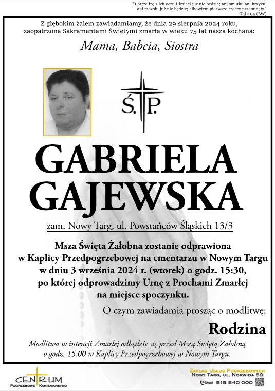 Gabriela Gajewska - Nekrologi - podhale24.pl
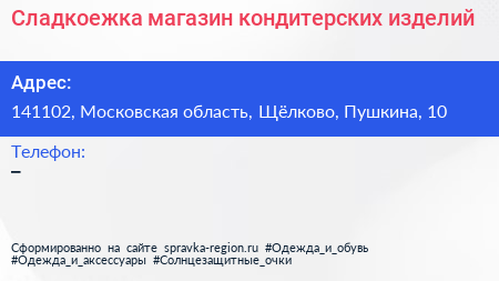 Сладкоежка, магазин кондитерских изделий по адресу 141102, Московская область, Щёлково, Пушкина, 10 в дальнейшем Организация, размещена в следующих категориях:
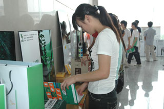此次作品展主要分為工業(yè)設計和藝術設計兩大類,內(nèi)容廣泛,題材新穎。展出的工業(yè)設計作品多為產(chǎn)品造型設計,并配有實物模型,便于參觀者更加直觀形象地了解學生創(chuàng)作的作品。公交站臺建造設計的人性化,家庭櫥具設計的情趣化,無不表現(xiàn)出畢業(yè)生設計理念的成熟和構思的精巧。此外,生活工藝品、家用小電器等作品因其實用、美觀、貼近人們的生活也受到了參觀者的好評。在《纖維藝術壁畫――奧運會入場壁畫設計》的作品前,許多老師和同學駐足觀看并對其整體圖案設計、工藝技巧嘖嘖稱贊。展出的藝術設計類作品也不乏精品,一些如“徽典裝飾”、“東菱芝園”之類的廣告招貼設計,作者通過對色彩、造型等方面靈活的運用將商品本身的特色及內(nèi)涵展現(xiàn)得淋漓盡致。一位參觀者談到對這些作品的感受時說:“我院藝術設計系畢業(yè)生能夠將書本上的理論知識應用到實際創(chuàng)作之中,并且設計得如此精良,確實很不錯。”
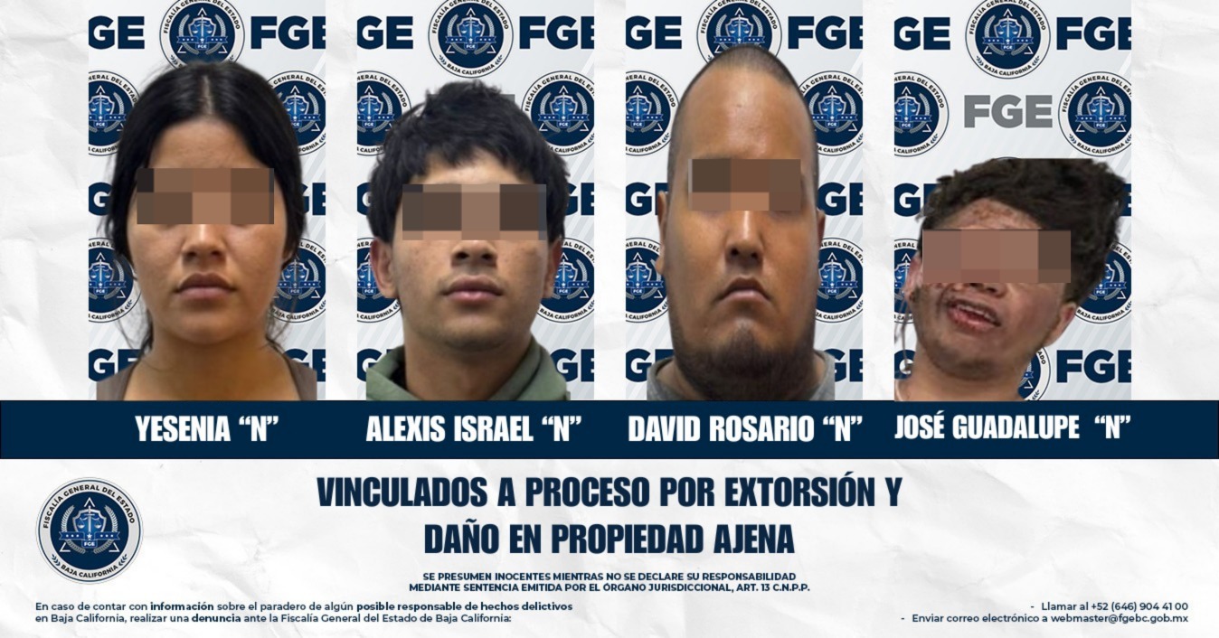 TIJUANA, BAJA CALIFORNIA. - La Fiscalía General del Estado (FGE), a través de la Fiscalía Regional de Tijuana y la Unidad de Investigación con Detenido Zona Tijuana, logró que un juez de control vinculara a proceso a cuatro personas por los delitos de extorsión agravada y daño en propiedad ajena agravado por incendio, imponiéndoles como medida cautelar la prisión preventiva justificada. Asimismo, se fijó un plazo de dos meses para continuar fortaleciendo la carpeta de investigación.
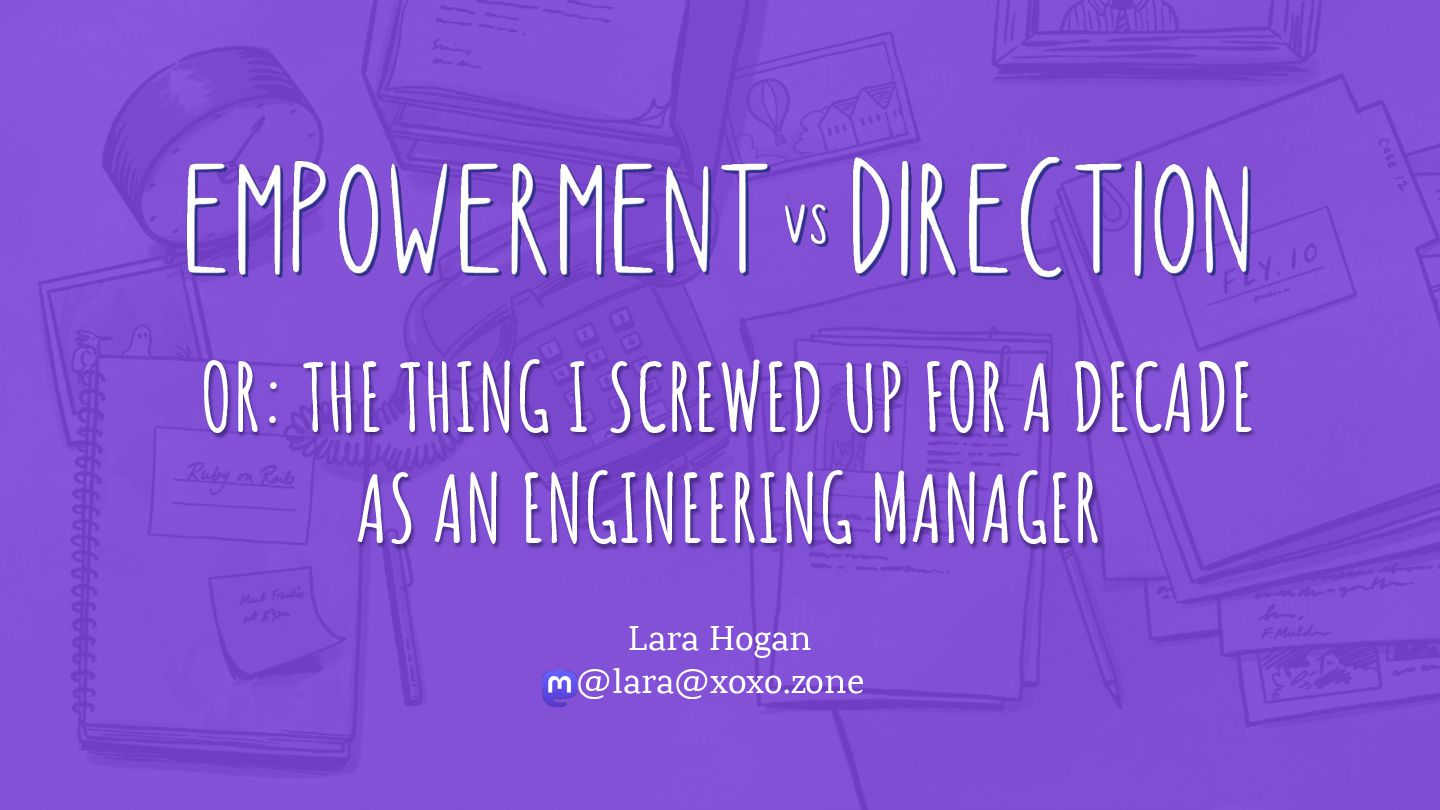 It’s critical to be transparent about what you expect of your teammates, and what they can expect of you. In this talk, Lara Hogan talks about how to balance being empowering and being directive as a leader, and how to know when to switch up your approach. She covers:
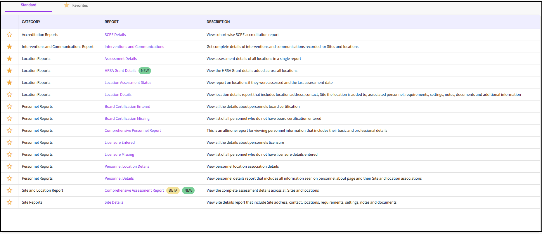 View Site, Location, and Personnel Reports
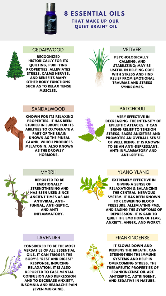 "After ONE NIGHT of [my son's] use of the Quiet Brain® blend he has already noticed some very positive changes. He slept the whole night for the first time in a long time. We are looking forward to even more positive feedback as the days go by. Thank you for such a blessed product, Laura!"
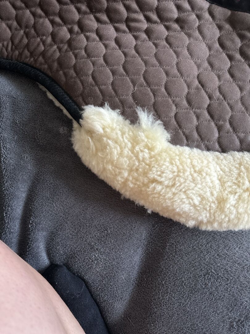 Podkładka ze skóry jagnięcej Christ / Podkładka pod siodło WB - Zawsze leżał między siodłem a podkładką pod siodło, sierść nadal bardzo gęsta w okolicy siodła. Krawędź sierści wykazuje typowe ślady użytkowania (sierść odpada w miejscach, w których ciągnie się ją do kształtu, patrz zdjęcia). Sprzedajemy tylko dlatego, że jest za duży na nasze nowe siodło.
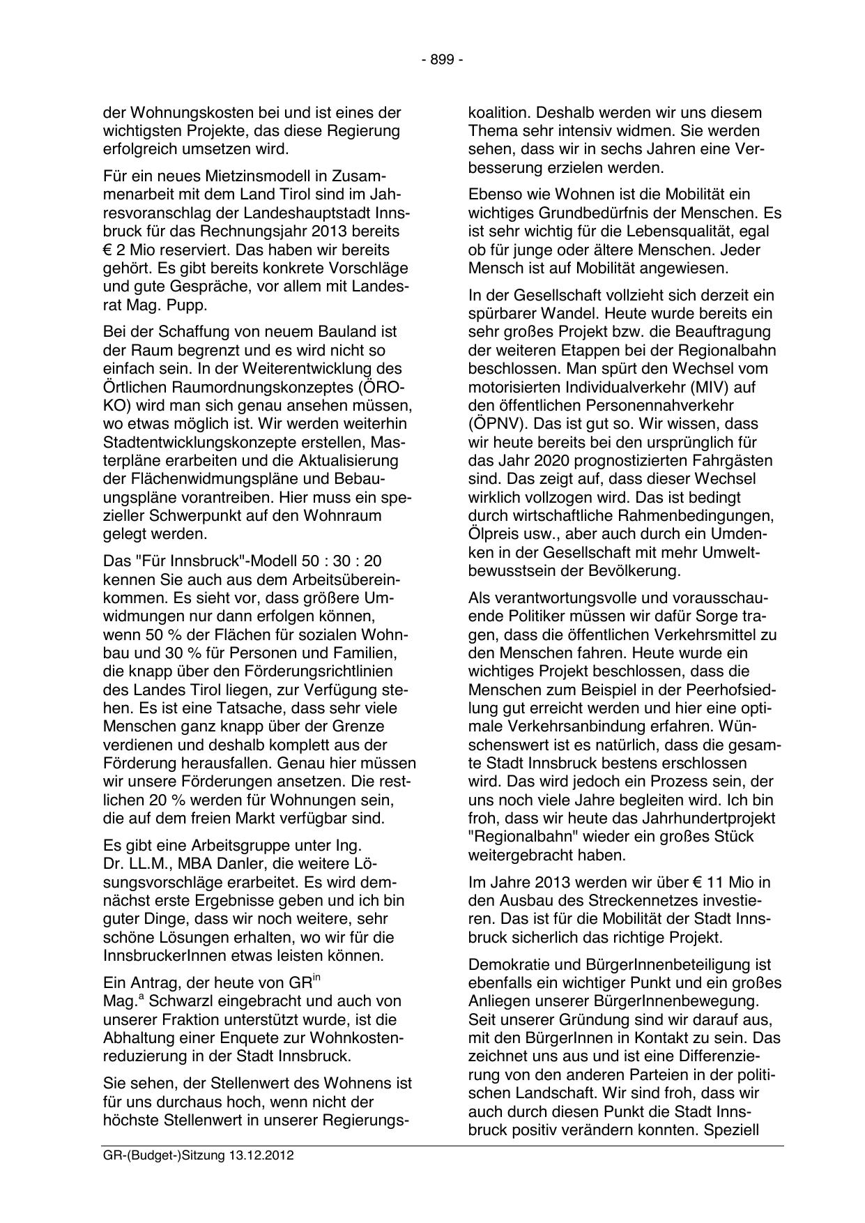 höchste Stellenwert in unserer RegierungsGR-(Budget-)Sitzung 13.12.2012
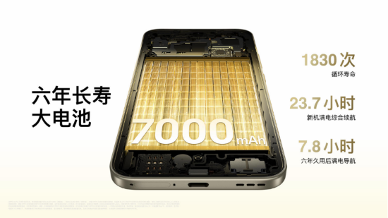 續航方面,A6 Pro 搭載 OPPO 最大的 7000mAh 大電池,輕松實現“一充用一天”,配合 80W 超級閃充,可快速補足電量,覆蓋用戶從早到晚的重度使用場景,徹底告別電量焦慮。擁有 1830 次超長壽循環壽命,六年長壽,刷新耐用新記錄。
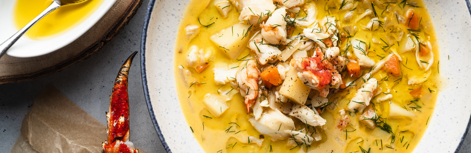 This Nordic seafood chowder is all the right things—warm, cozy, and full of flavor from a homemade seafood stock. While there are many variations of Nordic chowder, most folks use egg yolks and heavy cream to thicken the stew. Here, we combine creamy skyr, egg yolks, and heavy cream. The result is rich, but not too heavy, and balances well with the sweet-salty flavor of Alaskan King Crab.
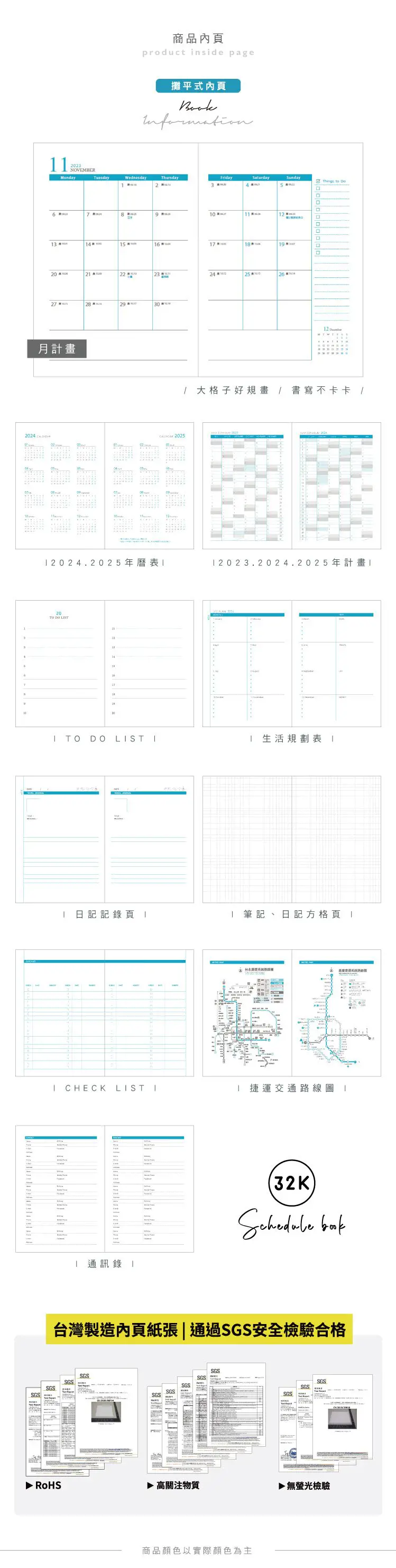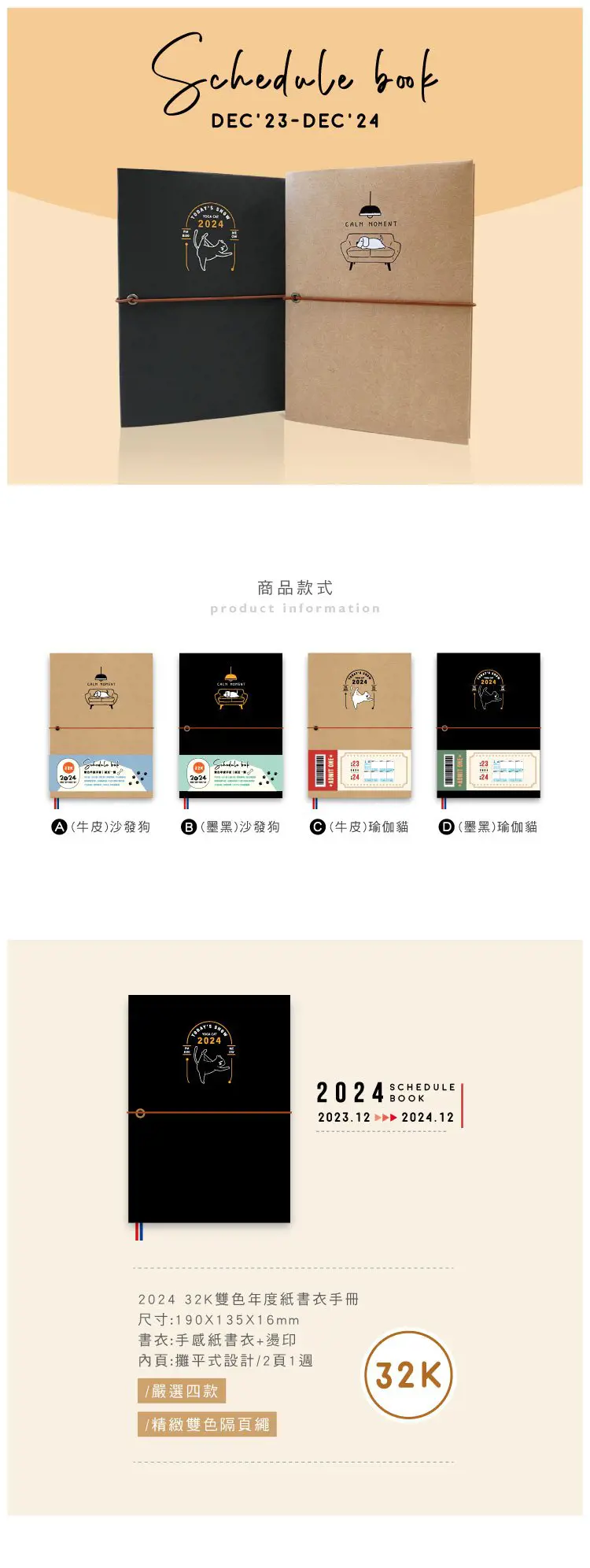 1.青青 簡單生活系列 CDM-385 2024 32K年度雙色紙書衣手冊(190x135x16mm) 2.日期:2023.12-2024.12 3.質感雙色書籤帶 4.封面紙書衣X質感燙印 5.純色束繩:固定手帳,東西不易掉出 6.內頁平攤好書寫 7.書衣內側可收納名片和小物 8.兩頁一週,書寫空間大
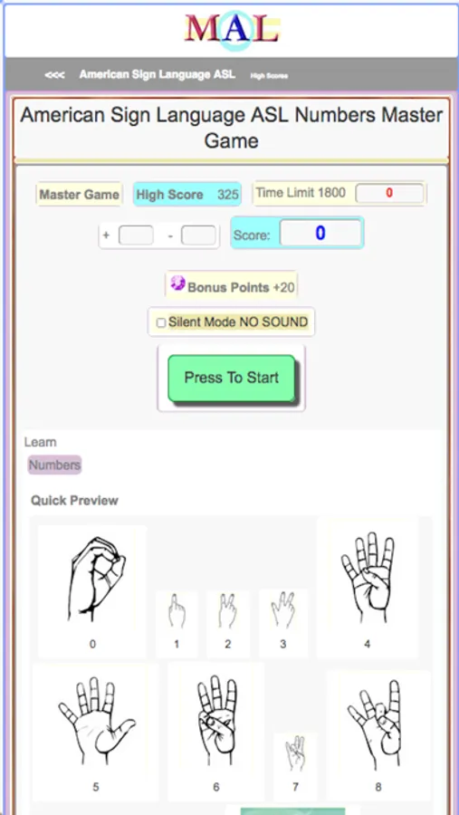 Play American Sign Language ASL Learning Games, Study and Learn with online Flash cards, Take American Sign Language ASL Tests

▶ _ASSIGNMENT_
Print exactly the lines from the one containing "ONE NIGHT of" through the last line of the records, both included, and leave out the pictures.

▶ _ANSWER FOR THIS EXERCISE_
 "After ONE NIGHT of [my son's] use of the Quiet Brain® blend he has already noticed some very positive changes. He slept the whole night for the first time in a long time. We are looking forward to even more positive feedback as the days go by. Thank you for such a blessed product, Laura!"
 Podkładka ze skóry jagnięcej Christ / Podkładka pod siodło WB - Zawsze leżał między siodłem a podkładką pod siodło, sierść nadal bardzo gęsta w okolicy siodła. Krawędź sierści wykazuje typowe ślady użytkowania (sierść odpada w miejscach, w których ciągnie się ją do kształtu, patrz zdjęcia). Sprzedajemy tylko dlatego, że jest za duży na nasze nowe siodło.
 höchste Stellenwert in unserer RegierungsGR-(Budget-)Sitzung 13.12.2012
 續航方面,A6 Pro 搭載 OPPO 最大的 7000mAh 大電池,輕松實現“一充用一天”,配合 80W 超級閃充,可快速補足電量,覆蓋用戶從早到晚的重度使用場景,徹底告別電量焦慮。擁有 1830 次超長壽循環壽命,六年長壽,刷新耐用新記錄。
 This Nordic seafood chowder is all the right things—warm, cozy, and full of flavor from a homemade seafood stock. While there are many variations of Nordic chowder, most folks use egg yolks and heavy cream to thicken the stew. Here, we combine creamy skyr, egg yolks, and heavy cream. The result is rich, but not too heavy, and balances well with the sweet-salty flavor of Alaskan King Crab.
 1.青青 簡單生活系列 CDM-385 2024 32K年度雙色紙書衣手冊(190x135x16mm) 2.日期:2023.12-2024.12 3.質感雙色書籤帶 4.封面紙書衣X質感燙印 5.純色束繩:固定手帳,東西不易掉出 6.內頁平攤好書寫 7.書衣內側可收納名片和小物 8.兩頁一週,書寫空間大
 Play American Sign Language ASL Learning Games, Study and Learn with online Flash cards, Take American Sign Language ASL Tests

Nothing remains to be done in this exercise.